How much of a real brain connectome would be recovered by such a simple and reductionistic model?


We propose to approach this question in the simple case of a 2D coronal slice. We use methods inspired by swarm intelligence [2], and simulate a dynamical system where particles are instantiated at the gray matter/white matter boundary. The particles are allowed to propagate within the white matter mask, following simple rules that reflect the above list of hypotheses. After reaching a steady state, the white matter orientation distribution is reconstructed on a voxel-by-voxel basis, for each individual voxel based on the statistics of the particle paths crossing it. This is roughly the opposite of streamline tractography, where paths are sampled based on a distribution map. By implementing derived measures such as an anisotropy index, the resulting map can be quantitatively compared to empirical data. We are especially interested in multimodal effects that occur e.g. when two fibre bundles cross. We will validate our model on coronal slices of the vervet monkey, as an excellent empirical dataset is available [3]. Proof­ of­ concept code is available via GitHub [4].
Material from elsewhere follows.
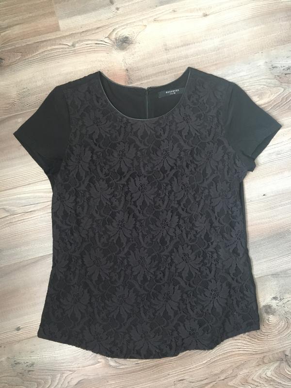 Красивый топ, блуза с коротким рукавом, с окантовкой на воротнике из кожзама. Состояние отличное.

A list of 1-5 key papers/materials summarising the subject:

[1] Frontier Research Topic "Wiring Principles of Cerebral Cortex" —

[2] Craig Reynolds' "Boids" —

[3] Vervet monkey brain slice scanned using Polarized Light Imaging —


A list of requirements for taking part in the project (education level / English level / programming language required):

- familiarity with Python, Javascript or similar programming language

- affinity for simulating and analysing dynamical systems

A maximal number of participants on the project:


Skills and competences you can learn during the project:

You will reflect on the organisational principles of white matter network connectivity across spatial scales, and formulate hypotheses about it. The simulation will be used to test as well as generate these hypotheses. The outcome of the simulation is continuously compared to that derived from PLI images.

Next to collective brainstorming, you can focus on any of two main themes in the project:

1. metrics and quantification, e.g. downloading and processing the PLI images; design the anatomical WM mask; computing derived measures such as anisotropy indices; comparison (e.g. Kullbeck-Leibler divergence) with the map generated by the simulation;

2. development of the simulation method: what rules do particles propagate under? parameter optimisation using smart search (particle swarm optimisation on the parameters? meta-metaheuristic!), generate appropriate network graph (e.g. having small-world properties) that goes into the particle simulation as a boundary condition

Is there a plan for extending this work to a paper in case the results are promising?